[Stored data entries]

----

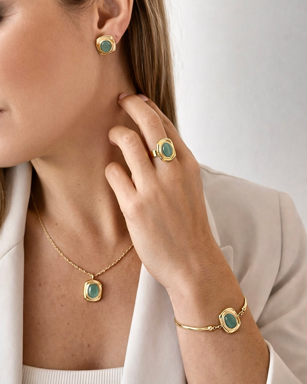 Un set que no necesita presentación, es simplemente fabuloso, diseño, mix de color y en el mejor material: acero inoxidable con piedras crisoberilo, en tono verde azulado (la luz hace su magia)
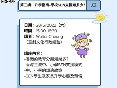 網上講座 - 「第三講」升學指南:學校SEN支援知多少 ?
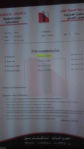 ابنته أصيبت بمرض التيفويد، برجاء سرعة اتخاذ اللازم نحو هذا الأمر" .
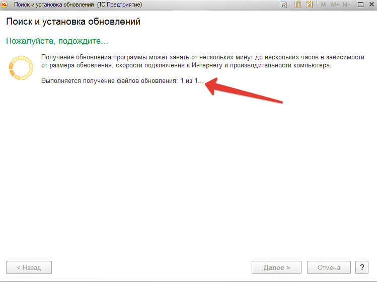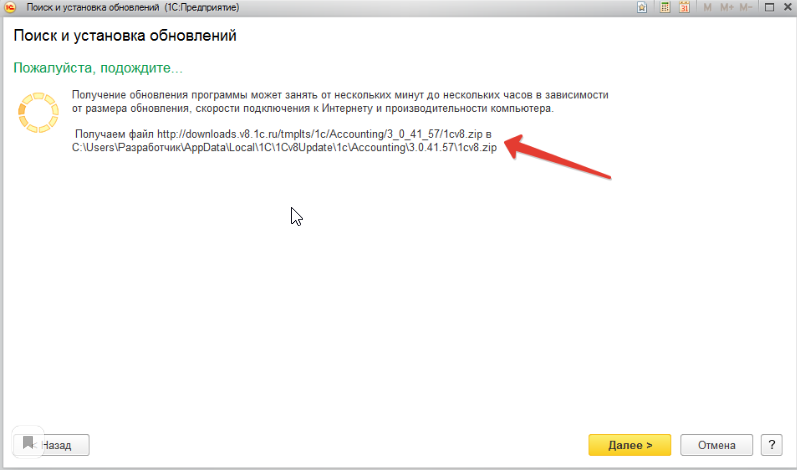 Данный режим подразумевает прямое подключение к официальному сайту 1С, где автоматически происходит загрузка и установка обновления. Если выбрать этот вариант и нажать кнопку «Далее», система проверит наличие обновления и, если оно будет найдено, то появится такое окно с информацией по обновлению:
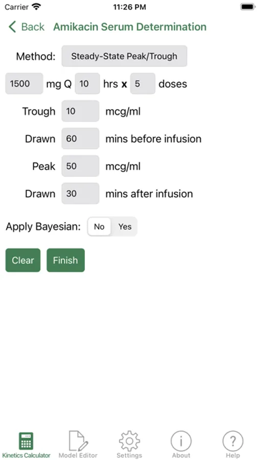 AbPK performs pharmacokinetic dosing of common antibiotics for which serum levels are monitored: aminoglycosides and vancomycin.
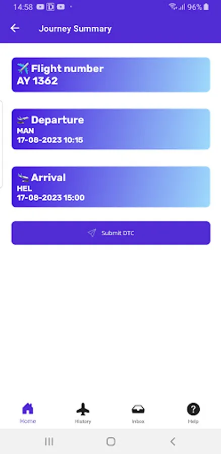 3. Lähetä tiedot sovelluksesta Rajavartiolaitokselle 36-4 tuntia ennen lentoasi. Käytä DTC:tä rajtarkastuksessa Helsinki-Vantaan lentoasemalla. Ota passisi mukaan matkalle.
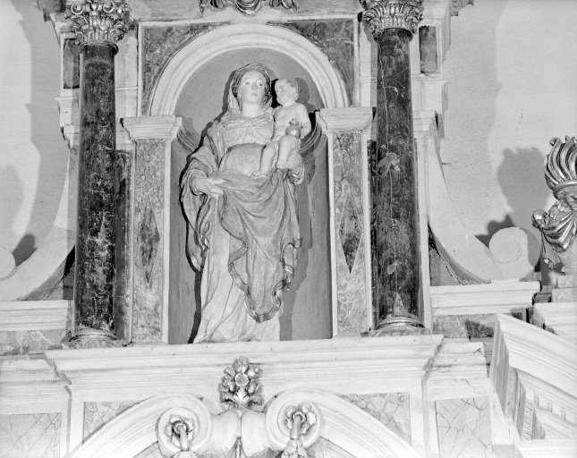 Vue générale de la statue de la Vierge à l'Enfant (niche supérieure).Immatriculation
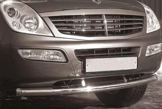 Защита переднего бампера труба предназначена для автомобилей SsangYong Rexton от 2007 г.в. Вам не придется подгонять защиту под размеры бампера вашего авто. И с монтажом проблем не возникнет: установка защиты переднего бампера производится в штатные отверстия, а значит, необходимость сверлить кузов отпадает.
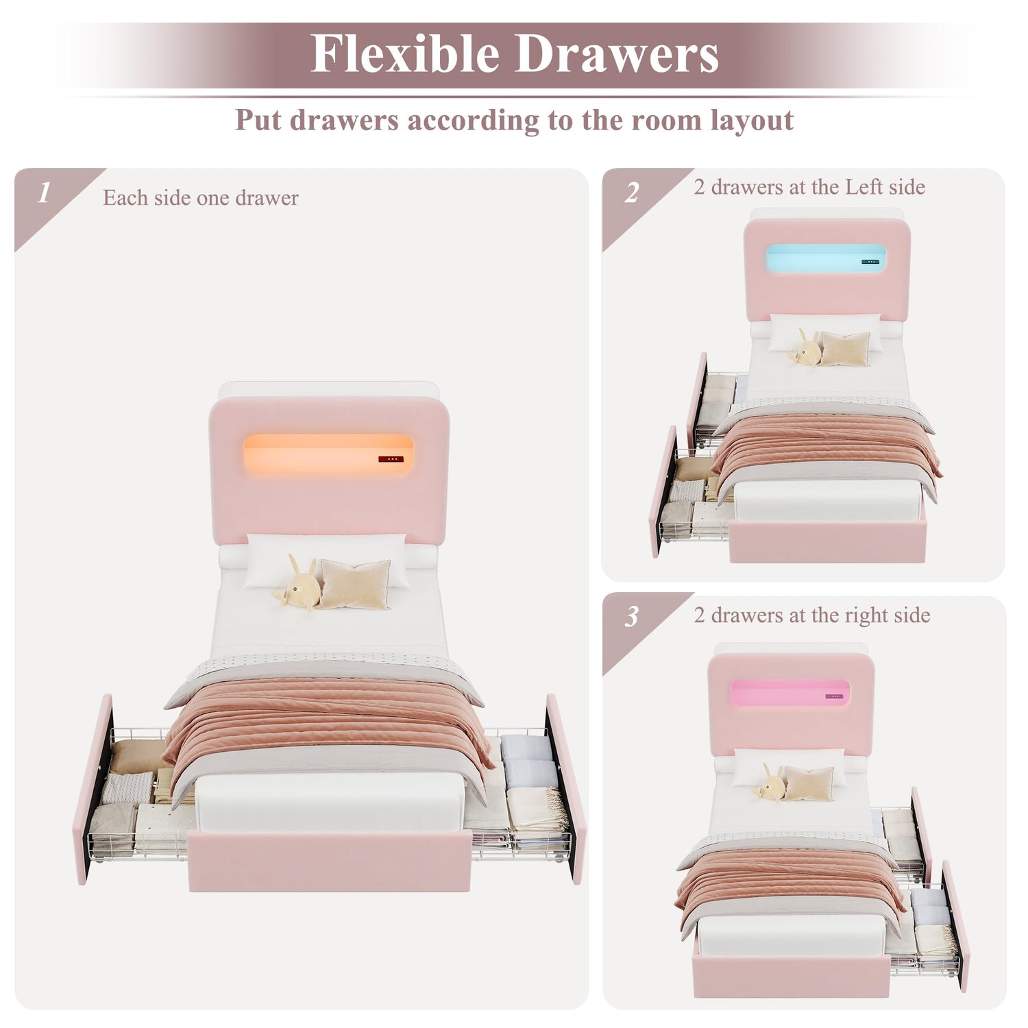 HOSTACK Twin LED Bed Frame with Storage Headboard and Charging Station, Girls Bed Frame with 2 Drawers and USB Ports, Velvet Upholstered Platform Bed Frame with Bookcase, No Box Spring Needed, Pink
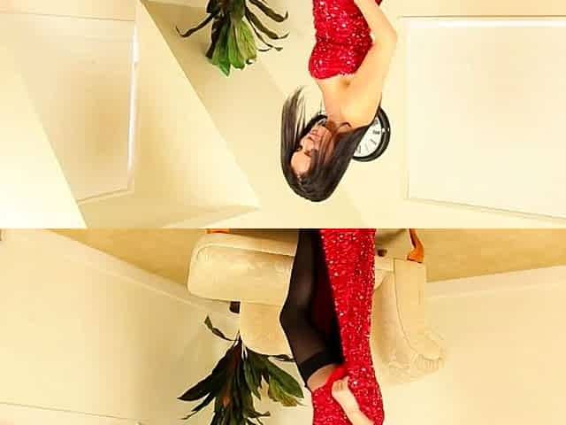 Beauty In Glossy Hose Shares Couch With Ally, Bangs & Gets Creampied
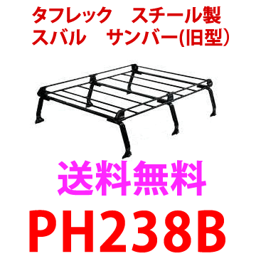 主な適合・仕様車種名タイプ年式車両形式最大積載量サンバーディアス全車H11.2〜H19.6TV/TW50kg荷台サイズ(mm)キャリア高さ D(mm)脚取付幅 E(mm)長さA幅B高さCフロント側センター側リア側フロント側センター側リア側2,1251,1501003803703701,1731,1651,208商品説明・精興工業のルーフキャリア、TUFREQ(タフレック)PH238Bです。・スチール材に黒塗装をした、ビジネスユーザーに最も人気の仕様のルーフキャリアです。ブラックの外観は車のカラーを選ばずスマート、そして汚れにも強く耐久性も抜群なので長くお使いいただけます。 ・前後回転パイプを採用、上下自由に可動するので小荷物からハシゴ等まで自由にレイアウトできます。簡単な操作でフルフラットになるためハシゴ、材木、パイプなどの長尺物の積載も容易です。・車種専用の設計なのでフッティングも抜群。ビジネスからレジャーまで幅広くお使いいただけます。※メーカー適合はこちらです。なお、適合がわからない場合は当社までお問い合わせいただければお調べさせていただきますのでお気軽にメール、電話にてお問い合わせくださいませ。※TUFREQは組み立て式のキャリアになりますので、お客様での組立が必要になります。なお必要なパーツは全て付属されております。●サンバーディアス用のラインアップハイグレードにセンスアップ!アルミ製ハイグレードキャリアHシリーズ普及実績No.1モデル!黒塗装スチール製キャリアPシリーズミドル6本脚・HH238Aロング6本脚・HH238Bミドル6本脚・PH238Aロング6本脚・PH238B※写真は装着イメージになります。
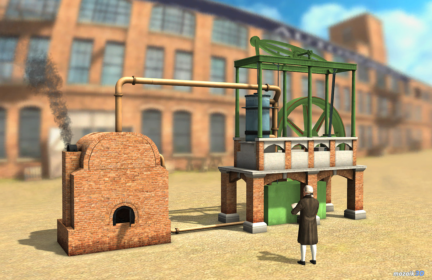 Applying Watt’s Steam Engine (18th century) mozaik3D Interactive model we can get familiar with the engine’s structure, with the operation of some of its parts and with circumstances of development. Let’s look at the narrated Animation first. Then, clicking on Edit we can drag the engine with our mouse and look at it in various views. In the toolbar above, if we click on rotate the image can be locked in any view. In this way, further drawings and texts can be added to make the material clearer for students.
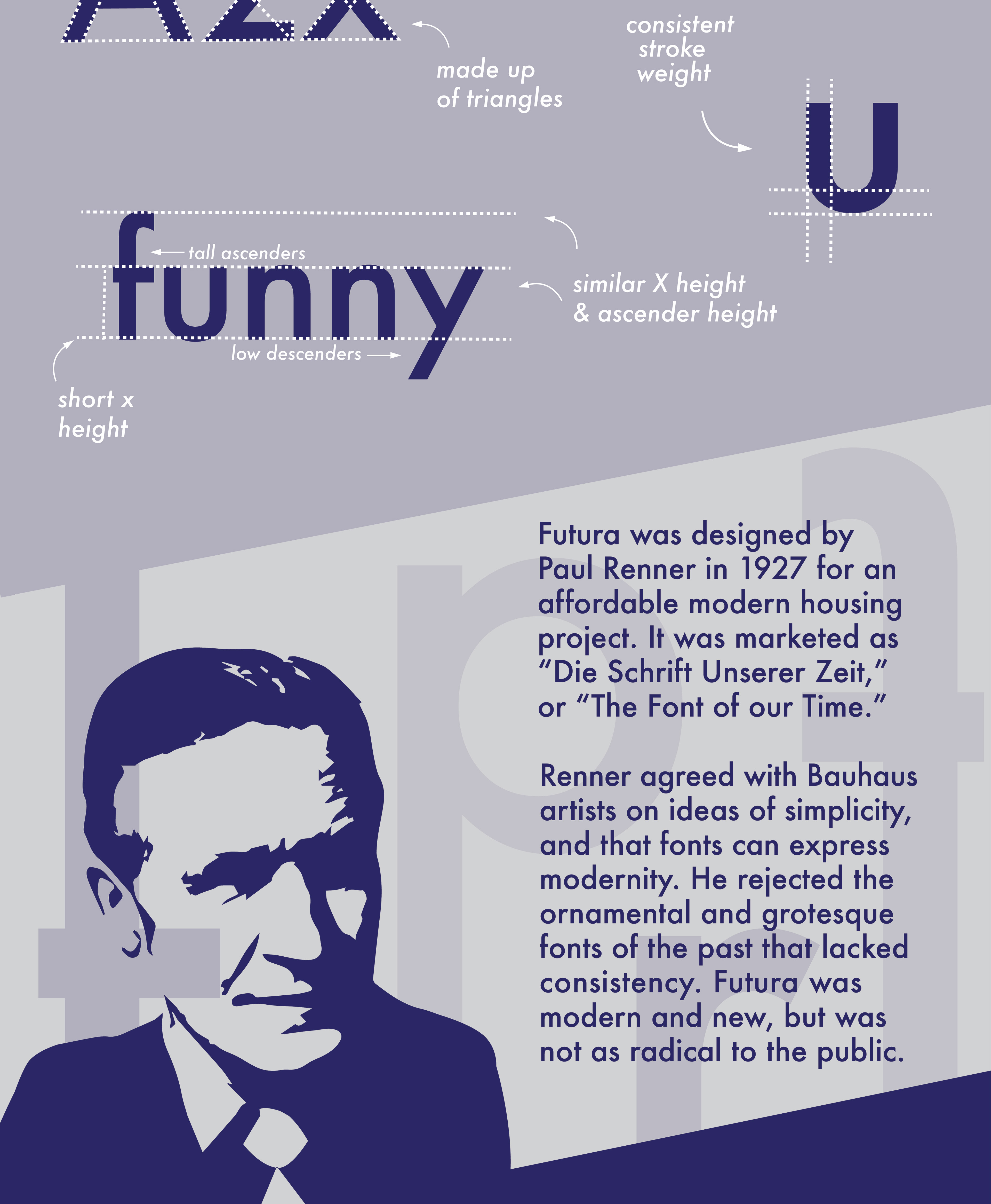 An annual project for the Typography 1 class at EIU is the typographic analysis poster. In this tall format poster I explore the style, history, and uses of Futura.
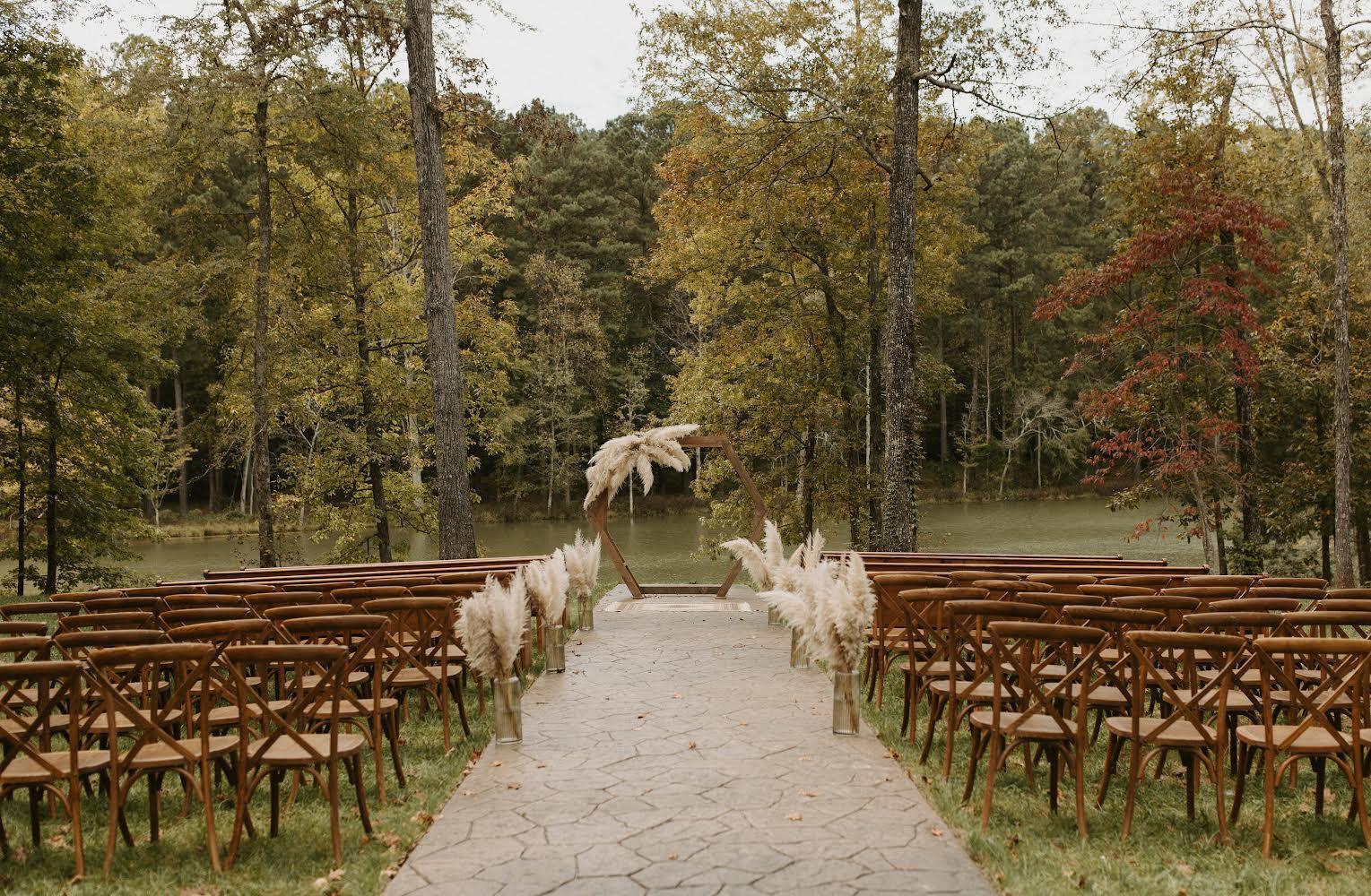 Our wedding and event barn can hold up to 200 guests and our six newly renovated cabins can sleep up to 44 guests. Outside features a serene lakefront ceremony site.
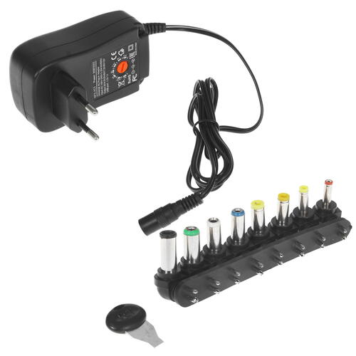 Корпус адаптера питания Gembird NPA-AC5 изготовлен из качественного пластика и отличается высокой прочностью. Классическая моноблочная конструкция позволяет легко подключать модель прямо в розетку, а кабель длиной 1 метр сделает использование удобным. Адаптер поддерживает ручную регулировку напряжения при помощи поворотного переключателя. Комплектация модели включает в себя 8 разъемов разного размера.

----

▶ _TASK STATEMENT_: Reproduce verbatim, and only, the lines starting at the one that contains "An annual project" and ending with the final line of the records; leave out the pictures.

▶ _RESULT_:
 An annual project for the Typography 1 class at EIU is the typographic analysis poster. In this tall format poster I explore the style, history, and uses of Futura.
 Our wedding and event barn can hold up to 200 guests and our six newly renovated cabins can sleep up to 44 guests. Outside features a serene lakefront ceremony site.
 Корпус адаптера питания Gembird NPA-AC5 изготовлен из качественного пластика и отличается высокой прочностью. Классическая моноблочная конструкция позволяет легко подключать модель прямо в розетку, а кабель длиной 1 метр сделает использование удобным. Адаптер поддерживает ручную регулировку напряжения при помощи поворотного переключателя. Комплектация модели включает в себя 8 разъемов разного размера.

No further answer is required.